Francesco Gesualdo (François Gesuald, Franġisku Ġiżwaldu), was a French monk that was executed by immolation in Malta in 1554 for preaching Lutheran idealisms. He can be considered a martyr of free thinking.

Only one source about Gesualdo exists, and its truthfulness has been questioned in later years.

==Lutheran monk==
According to the narrative, Gesuald was a French monk who lived in Malta. Around 1535, he founded the Confraternity of Good Christians (La Confraternità dei Buoni Cristiani), where members discussed ideas of Martin Luther, such as marriage among priests. His teachings became popular, especially with Maltese nobility, such as Matteo Falson and his son (who carried the same name), and Pietro Cumbo.

==Condemnation==
In 1545, he was denounced to Grand Master of the Order of the Knights of Saint John by the notary public Jacopo Baldacchino. Domenico Cubelles, then Bishop of Malta, investigated the matter. However, before 1564, Inquisition was not present in Malta, with such matters falling under the Inquisitor of Palermo.
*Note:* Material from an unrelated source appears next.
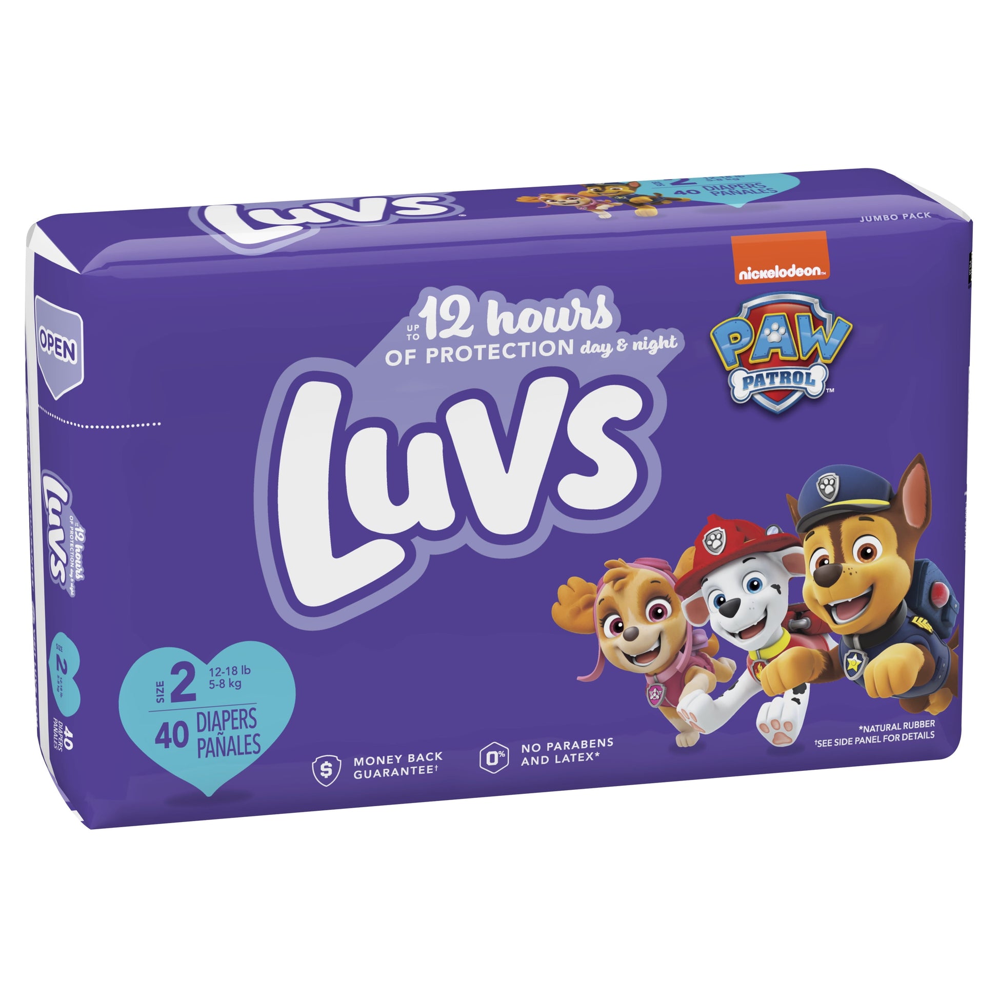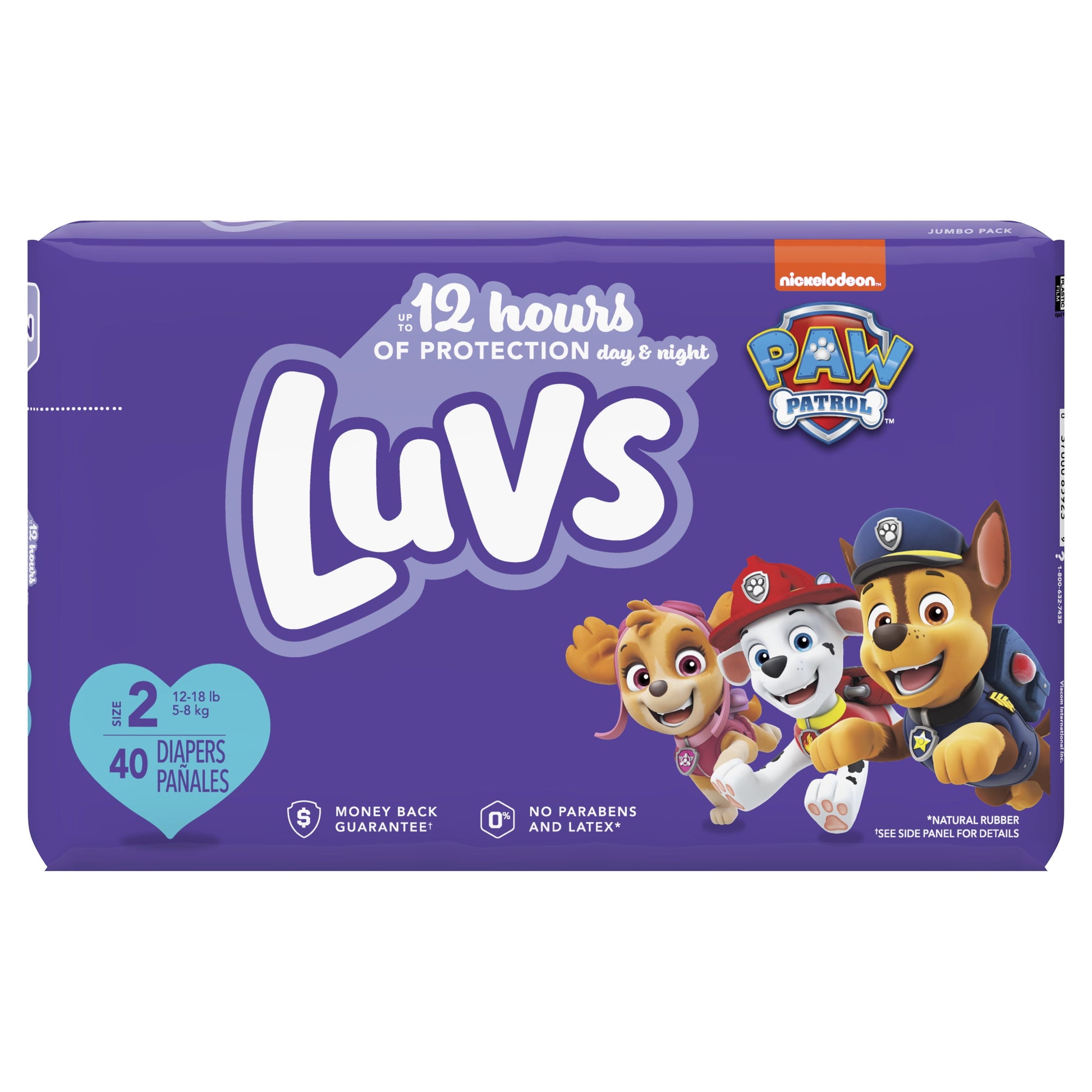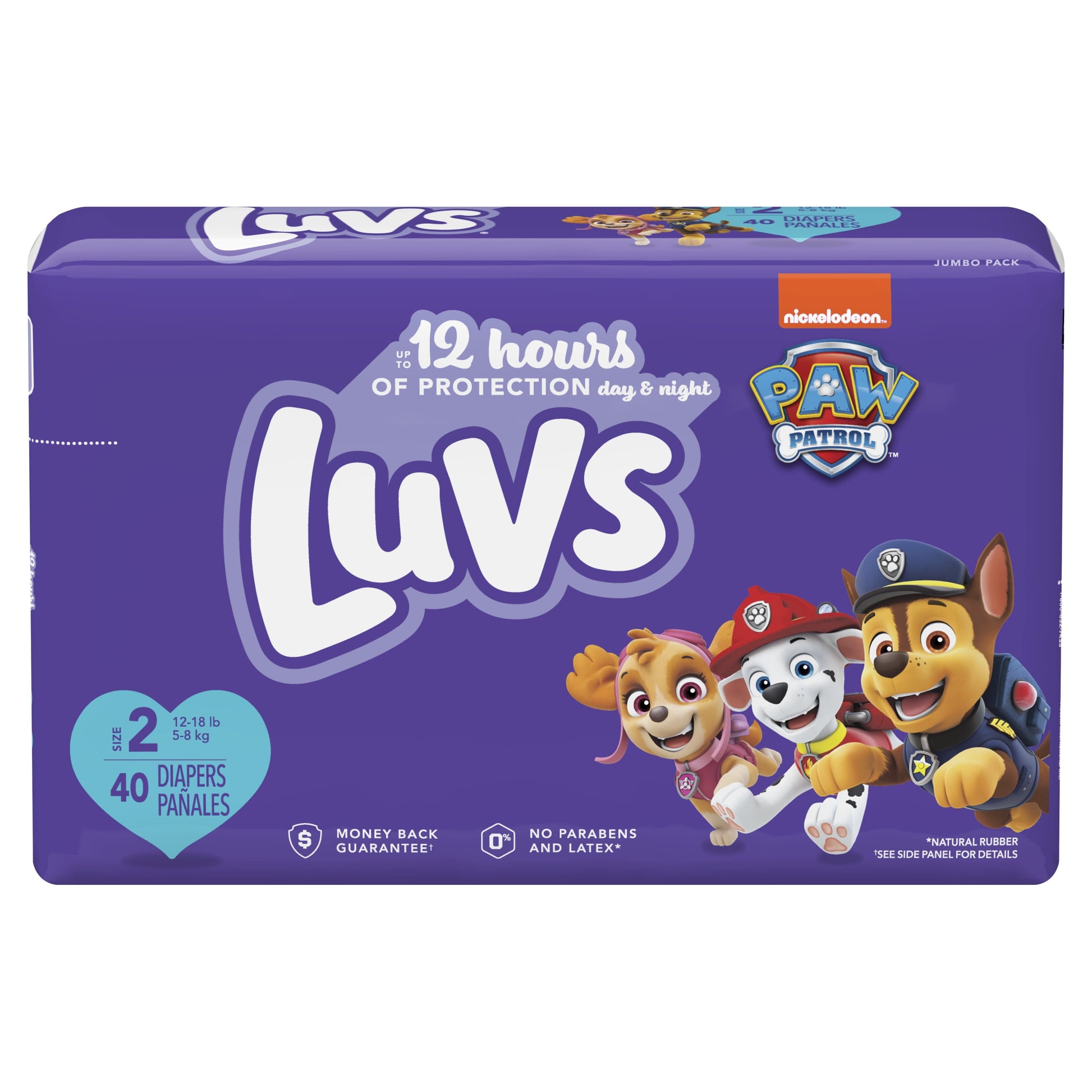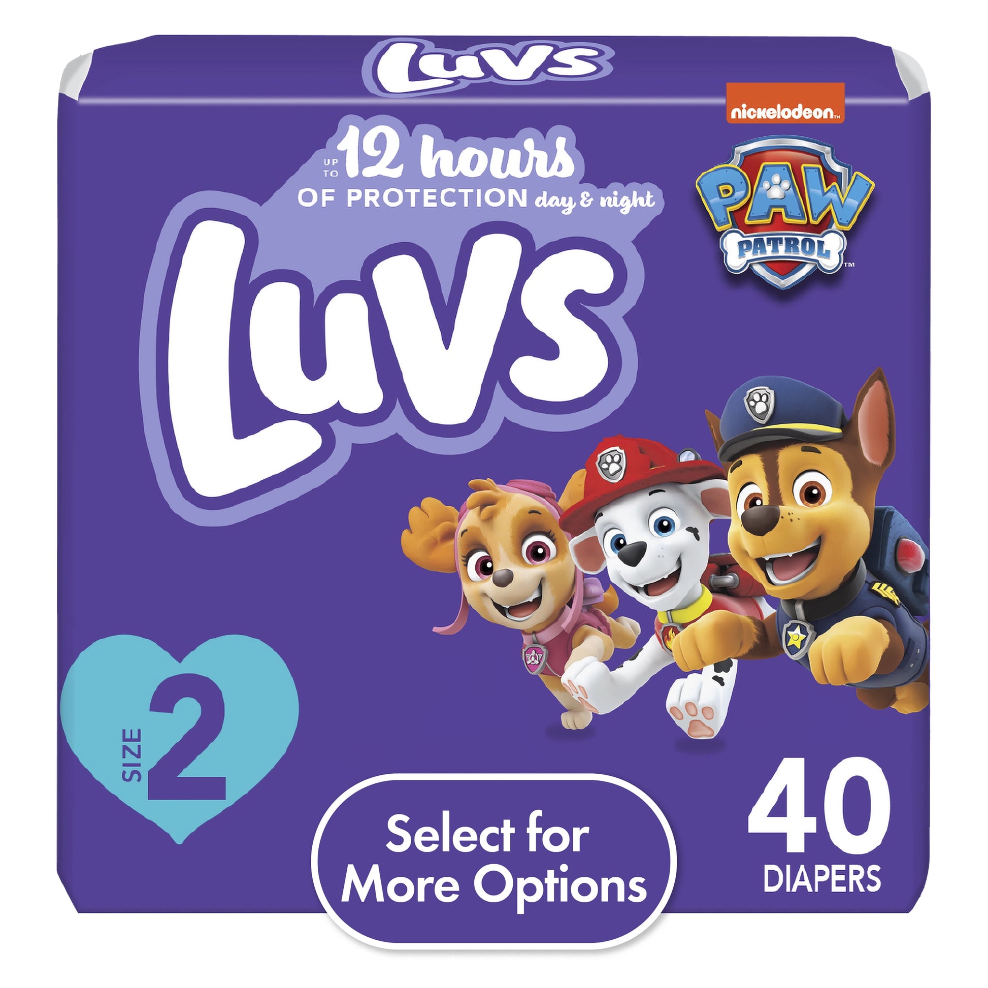No job is too big, no pup is too small! Luvs diapers with new Paw Patrol designs have your back-and their butts. Luvs now has up to 12 hours of protection, day and night. Like Chase and Marshall would say, our highly trained paws are at your service. And diaper leaks? We're on the case with nonstop leak protection. Luvs Triple Leakguards absorb quickly to help stop diaper leaks before they happen. But our leak protection doesn't stop there. Secure cuffs and stretchy sides keep leaks locked in where they happen the most. Forget about cheap, leaky diapers and spend more time enjoying this ride known as parenting. 40 count

Therefore, the Bishop and the Grand Master Juan de Homedes, since they were concerned with the Reformation ideals starting to arise in the Maltese territory, led the investigation together.

Gesualdo was found guilty of heresy and was incarcerated in the gaols of Fort Saint Angelo. He was released not too long after due to good conduct. In the beginning of the 1550s, he reprised illegally preaching Protestantism with the help of another priest by the name of Andrea Axac (or Axiak).

Once again, he was denounced in 1554, together with a group of 28 others. On 5 November 1554, a tribunal of the Order defrocked him due to preaching heresy, before he was put in front of Bishop Cubelles. Most of the accused, including the priest Axac, agreed to abjure their sins, but Gesualdo, who maintained his faith, was condemned to the burnt alive.

On the stake, Gesualdo continued to preach marriage among priests. He was burnt alive in the main square of Birgu.

== Re-examination ==
Later re-examination of the original documents by scholars has indicated that Gesualdo is not French, but from Calabria, Italy.